[The task]: Go to the line below that has "Σεισμός: Πρώτη είδηση", print it and each line after it exactly, and stop after the line that has "Bilden nedan illustrerar"; leave out pictures.

[Stored data entries]:
[Start of Attachment]

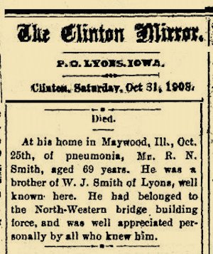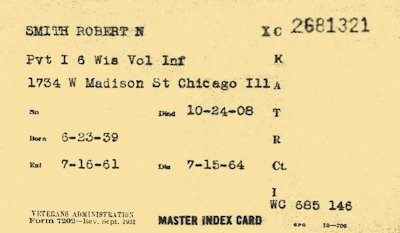 *Robert Nelson Smith (21 Aug 1839 - 24 Oct 1908), a native of VT. From Wheatland, De Soto, WI, he enlisted 16 July 1861 with 6th Wisconsin Infantry. He was mustered out 15 July 1864.
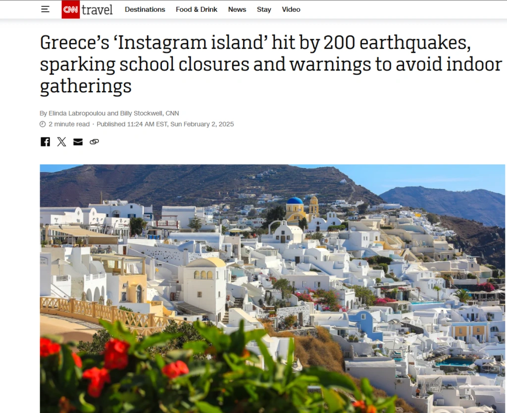 Σεισμός: Πρώτη είδηση στα διεθνή Μέσα – Πόσο θα βλάψει τον τουρισμό η σεισμική δραστηριότητα
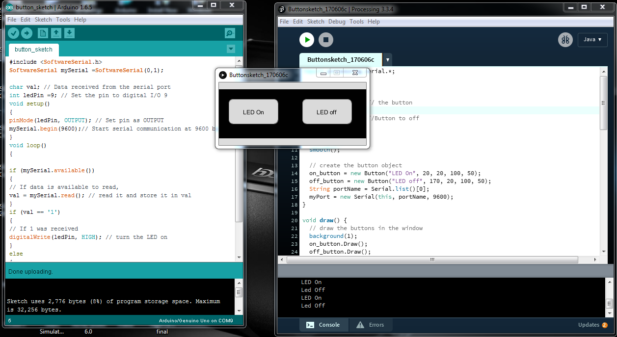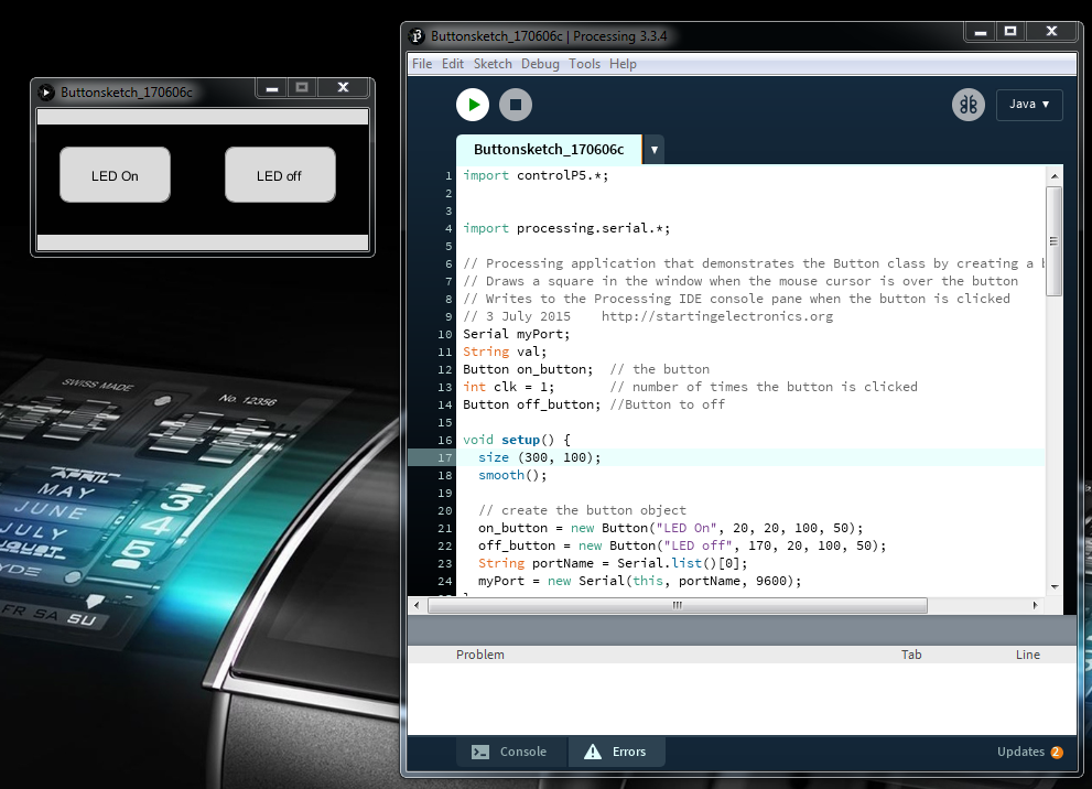 So I moved on to create an app that can turn an LED On and Off using processing
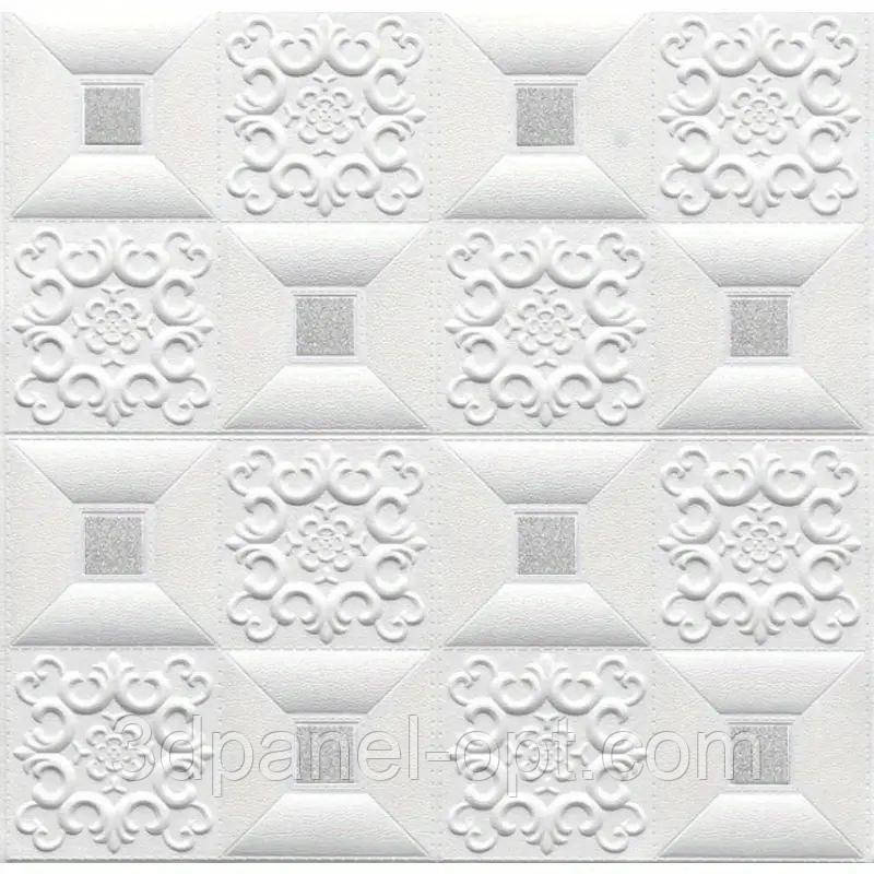 Самоклеюча 3D панель декоративна настінно-стельова біла фігури з сірими квадратами 700х700х3.5ммВ наявності
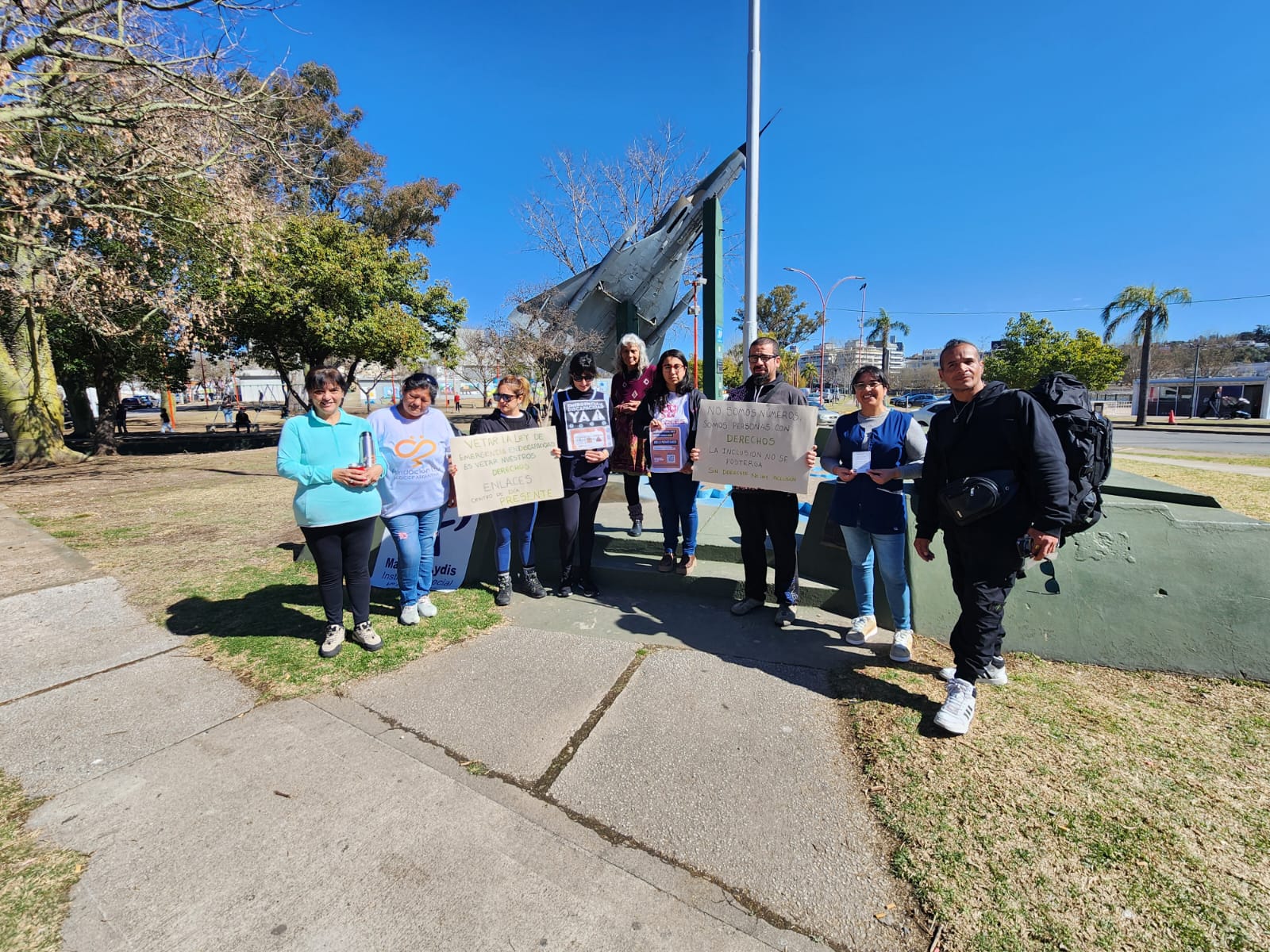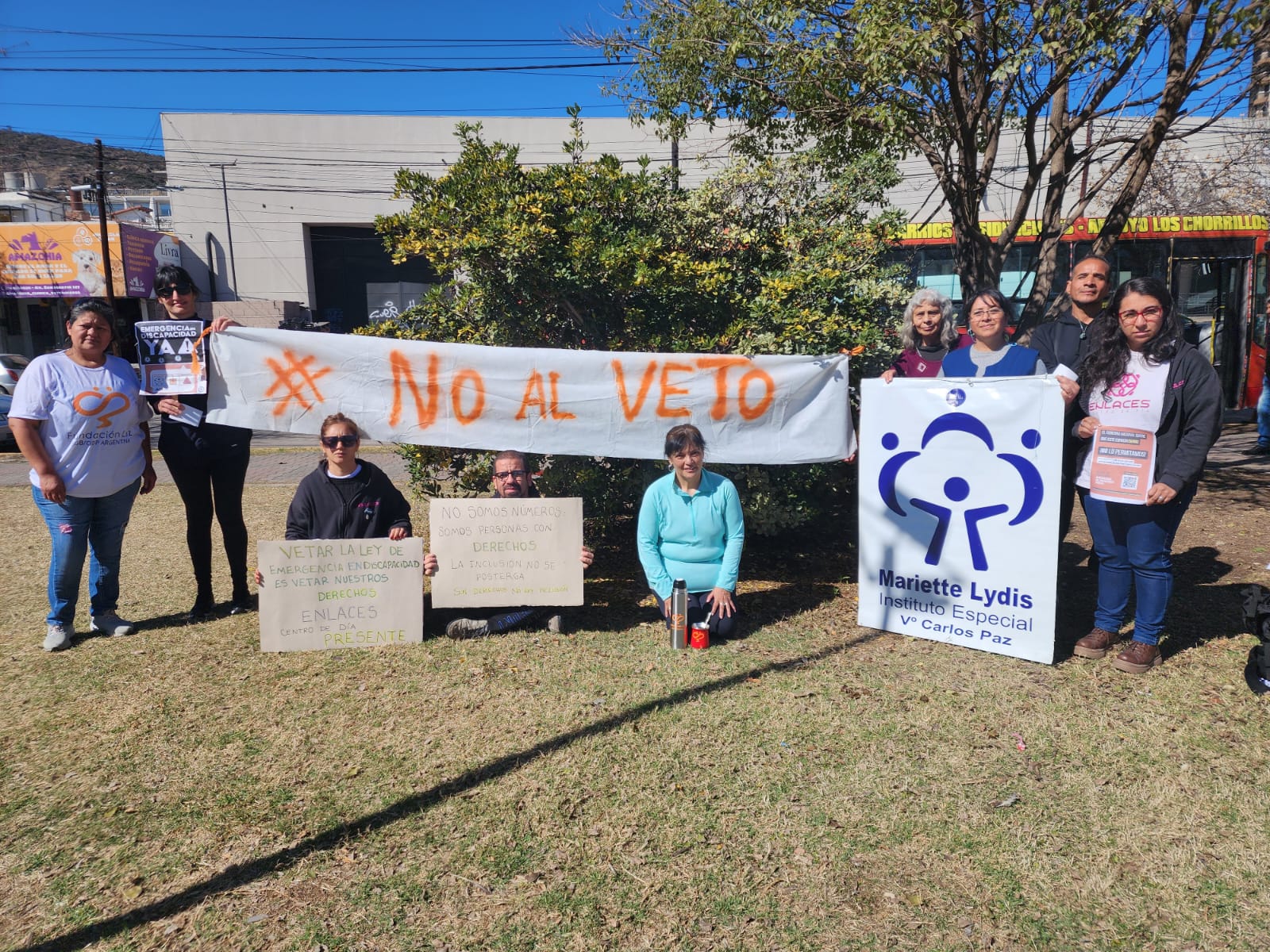 En sintonía con las manifestaciones que se replicaron en todo el país, docentes y padres de alumnos de la escuela especial Mariette Lydis y de la Fundación Luz realizaron este miércoles una jornada de visibilización en la plaza del avión de Villa Carlos Paz para expresar su rechazo al veto presidencial a la Ley de Emergencia en Discapacidad.
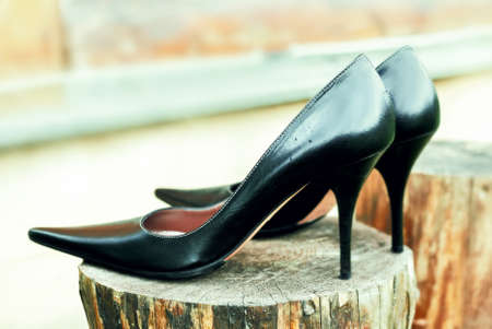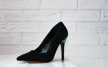 High heel women shoe on the background of a brown wall. Shallow DOF
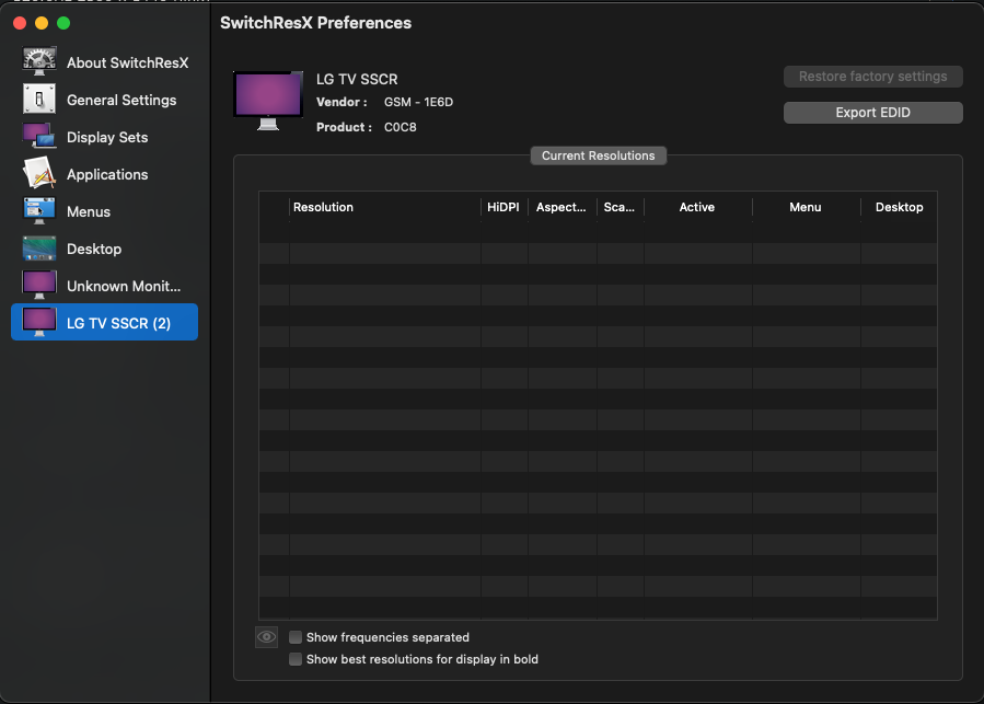 Yeah. I tried the non beta version of SwitchResX and set a custom resolution but its not recognized as valid.SwitchResX 4.11 a beta work in progress - who knows if it will be able to support the features of Intel Mac. If Display Overrides still work, then at least that feature should work - but in your screenshot, the Custom Resolutions tab is missing - so maybe not.
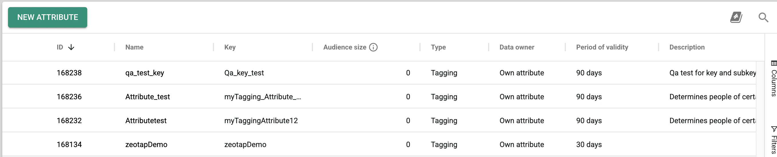 The Attribute ID and Key Name are used to add a Sub-key to a Key in Zeotap. To obtain them:- Go to the Audience section in your Active Agent instance. Look for the Key under which you would like to add the sub-key. Once you have it, note down the key’s Key, and ID in the respective column.
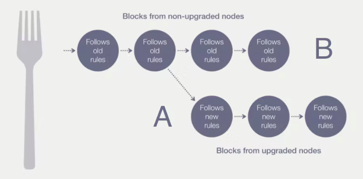 Bilden nedan illustrerar hur en fork inom krypto går till, vilket alltså inte är möjligt inom Algorand.
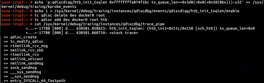 So let's have a look at the commit net: sched: drop all special handling of tx_queue_len == 0 introduced into Linux 4.3 mainline. Prior to Linux 4.3, htb_init will automatically handles the zero tx_queue_len from virtual network interface and clamp direct_qlen to at least 2. In spite of being part of Linux network module's refactoring, I think it has undeniably brought a breaking change into Linux 4.4.73 or at least SUSE12 SP3.
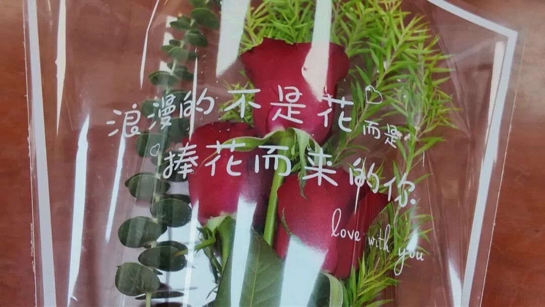 虽是免费赠送,但准备工作却毫不含糊。虹口城发公园公司工作人员对于植物颜色搭配,包装标语挑选都是精心设计,尤其是包装上的标语“浪漫的不是花,而是捧花而来的你 ”正是代表了他们的心声。
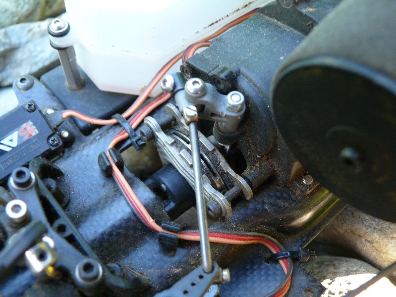 Dieser besteht aus 3mm dicken Aluminium gebaut und ist sehr stabil (ich kann mich draufstellen!). Er ermöglicht auch die Verwendung des Gasservos vorne, da er die Anlenkung möglich macht.

[End of Attachment]

[Task solution]:
 Σεισμός: Πρώτη είδηση στα διεθνή Μέσα – Πόσο θα βλάψει τον τουρισμό η σεισμική δραστηριότητα
 So I moved on to create an app that can turn an LED On and Off using processing
 Самоклеюча 3D панель декоративна настінно-стельова біла фігури з сірими квадратами 700х700х3.5ммВ наявності
 En sintonía con las manifestaciones que se replicaron en todo el país, docentes y padres de alumnos de la escuela especial Mariette Lydis y de la Fundación Luz realizaron este miércoles una jornada de visibilización en la plaza del avión de Villa Carlos Paz para expresar su rechazo al veto presidencial a la Ley de Emergencia en Discapacidad.
 High heel women shoe on the background of a brown wall. Shallow DOF
 Yeah. I tried the non beta version of SwitchResX and set a custom resolution but its not recognized as valid.SwitchResX 4.11 a beta work in progress - who knows if it will be able to support the features of Intel Mac. If Display Overrides still work, then at least that feature should work - but in your screenshot, the Custom Resolutions tab is missing - so maybe not.
 The Attribute ID and Key Name are used to add a Sub-key to a Key in Zeotap. To obtain them:- Go to the Audience section in your Active Agent instance. Look for the Key under which you would like to add the sub-key. Once you have it, note down the key’s Key, and ID in the respective column.
 Bilden nedan illustrerar hur en fork inom krypto går till, vilket alltså inte är möjligt inom Algorand.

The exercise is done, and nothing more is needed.